As Counsel points out, as matters stand at present, there is no single master text of the 1993 Act. Since it was originally passed, there have been amendments to section 1 extending only to England and Wales (e.g. the amendments to subsection (10) made by the Fire and Rescue Services Act 2004, and the Local Government Overseas Assistance (London Pensions Fund Authority) Order 2001). There has also been an amendment to section 1 extending only to Scotland, (the amendment to subsection (9) made by the Local Government etc. (Scotland) Act 1994). Further, following devolution, references in the 1993 Act to the 'Secretary of State' are presumably now to be read, in relation to Scotland, as references to the Scottish Ministers (by virtue of the Scotland Act 1998). So there are already different texts in England and Wales, on the one hand, and Scotland on the other.

To have produced a single consolidated text of the whole of section 1, would in Parliamentary Counsel's view and our own, go beyond the intentions of this order and quite possibly beyond vires. Departments are under no obligation to produce consolidated versions of legislative texts each time they make an amendment. Moreover, there is no assumption that where there is a pre-1998 Act extending to the whole of Great Britain, the subject-matter of which is now devolved, it is necessary to keep that Act as a single Act. In fact there are many examples (of which the 1993 Act is one) of Acts which, following devolution, have been amended separately for England and Wales, and Scotland. Indeed, it could be argued that the emergence of separate texts for the two jurisdictions is consistent with the logic of devolution. So what is done by the draft Order, is not, we would say, unusual, but is consistent with the Government's approach to amending primary legislation (in both Bills and SIs).

In so far as the Committee is suggesting that, while leaving the rest of section 1 alone, our amendments should have extended to England and Wales and Scotland, but leaving the position for Scotland as it is, we agree that in principle this would have been possible. But on an administrative level it would have involved getting the agreement of OSAG and OSSE. On a drafting level, it would probably have been difficult to reproduce the situation for Scotland without replacing all the references to the Secretary of State with references to the Scottish Ministers (thus going some way to rewriting the whole of section 1 and producing an entirely new text). There would therefore have been considerable practical difficulty, for little or arguably no benefit. Since there is no single text of the 1993 Act at the moment, the Order does not make matters worse, but leaves the text clear for both England and Wales, and Scotland: indeed as far as England and Wales is concerned (the jurisdiction for which the amendment is made) the result is in our view clearer. All we want to do is repeal the requirement for the Secretary of State's consent. That is what we have done.

Finally Parliamentary Counsel would wish us to point out that the drafting of the Order is done by the Department, and that Counsel's role is limited to checking the amendments to primary legislation. In this case, the Department drafted the amendments and Counsel were, and are, happy with them. We made no suggestions other than what the Order currently provides, and Counsel were and are happy with that. The Department hopes that this will correct any impression inadvertently given that the drafting of the Order was done by Parliamentary Counsel.

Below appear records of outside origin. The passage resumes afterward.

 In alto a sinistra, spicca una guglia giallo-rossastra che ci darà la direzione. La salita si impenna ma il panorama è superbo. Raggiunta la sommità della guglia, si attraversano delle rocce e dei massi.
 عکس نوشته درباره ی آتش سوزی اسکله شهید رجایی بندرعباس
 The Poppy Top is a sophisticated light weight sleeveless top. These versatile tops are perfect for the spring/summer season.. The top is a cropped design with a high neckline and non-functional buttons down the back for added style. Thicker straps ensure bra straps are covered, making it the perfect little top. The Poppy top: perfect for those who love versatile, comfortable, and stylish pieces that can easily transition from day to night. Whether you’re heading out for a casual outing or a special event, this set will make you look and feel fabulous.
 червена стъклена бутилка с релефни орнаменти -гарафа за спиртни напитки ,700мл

Q5  At what stage will the Department consider revising the footnotes and Explanatory Note as set out in the table to the Committee's letter of 17 October?

The Department is grateful for the comments received from both the Lords' and Commons' Regulatory Reform Committees and we will revise the footnotes to the Order and the Explanatory Note, if there is an opportunity to do so, in the course of the super affirmative procedure.

I hope that the above will assist the Committee in its consideration of the draft Order.